Facile control of intra- and inter-particle porosity in template-free synthesis of size-controlled nanoporous titanium dioxides beads for efficient organic–inorganic heterojunction solar cells

Abstract

In thin film solid-state heterojunction solar cells (HSCs), titanium-dioxide (TiO2) electrodes need to be optimized to have large specific surface area, controllable pore sizes, and superior light scattering properties. In this study, we synthesize hierarchical nanoporous TiO2 beads with sub-micron diameters by a template-free, fast, and low-temperature synthetic scheme to satisfy the aforementioned requirements for HSCs. These nanoporous TiO2 beads are composed of numerous TiO2 nano crystallites that provide mesopores, and the inter-particle distances of size-controlled TiO2 beads can provide additional controllable macropores. We report the first successful application of TiO2 bead films (SP250, SP450) with controllable hierarchical nanostructure to be sensitized with Sb2S3 for all-solid-state heterojunction solar cells (Sb-HSCs).
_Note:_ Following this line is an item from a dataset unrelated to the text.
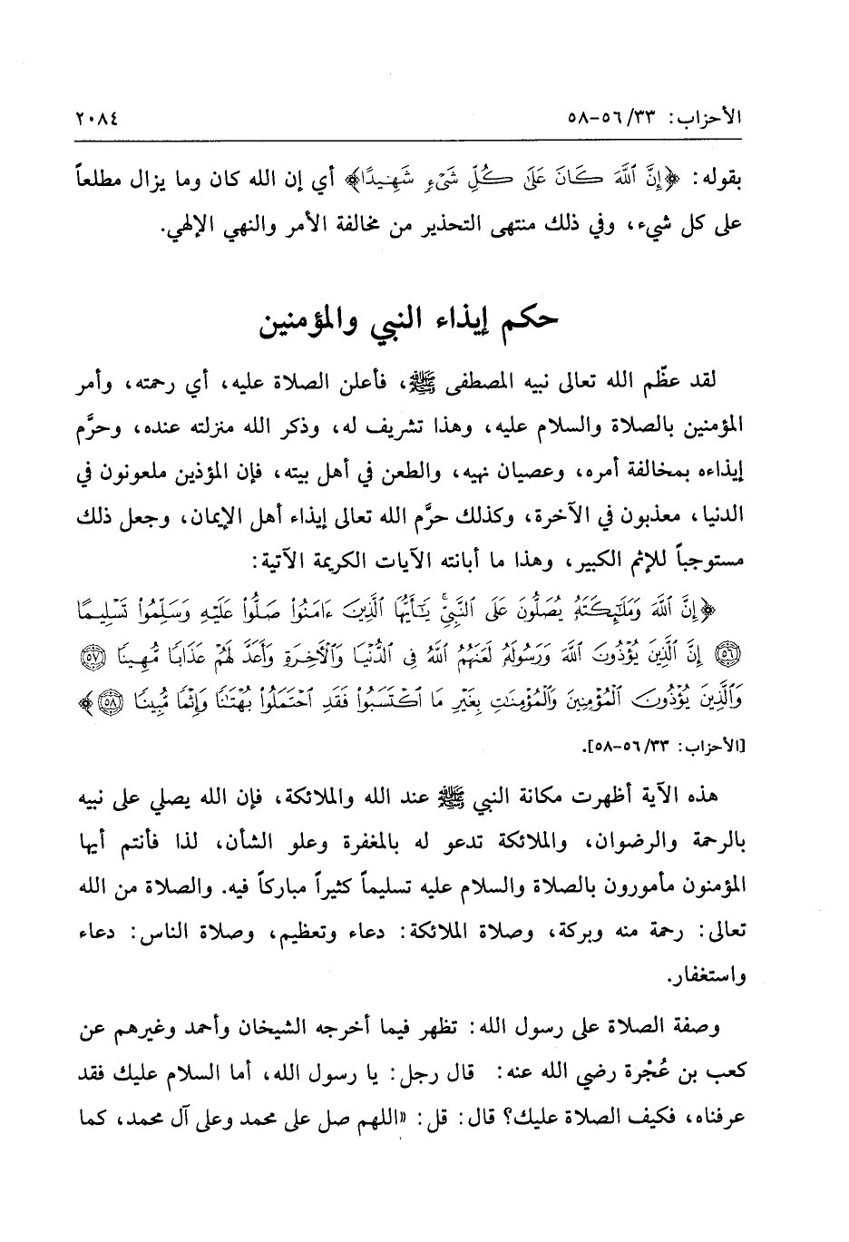 إِنَّ اللَّهَ وَمَلائِكَتَهُ يُصَلُّونَ عَلَى النَّبِيِّ يا أَيُّهَا الَّذِينَ آمَنُوا صَلُّوا عَلَيْهِ وَسَلِّمُوا تَسْلِيماً (56) إِنَّ الَّذِينَ يُؤْذُونَ اللَّهَ وَرَسُولَهُ لَعَنَهُمُ اللَّهُ فِي الدُّنْيا وَالْآخِرَةِ وَأَعَدَّ لَهُمْ عَذاباً مُهِيناً (57) وَالَّذِينَ يُؤْذُونَ الْمُؤْمِنِينَ وَالْمُؤْمِناتِ بِغَيْرِ مَا اكْتَسَبُوا فَقَدِ احْتَمَلُوا بُهْتاناً وَإِثْماً مُبِيناً (58)

The Sb-HSCs made using the controlled TiO2 beads as photoanodes exhibit a superior light-to electricity conversion efficiency of 4.8%, yielding more than 15% enhancement in comparison with that (3.6%) of commercial TiO2 nanoparticle (NP40) electrodes. The well-tailored photoanode with high surface area, fewer grain boundaries, multi-scale pore structure, and enhanced optical scattering results in much better infiltration of hole-conducting materials, decreased recombination with increased electron lifetime, and enhanced light scattering, which result in the enhanced photovoltaic properties.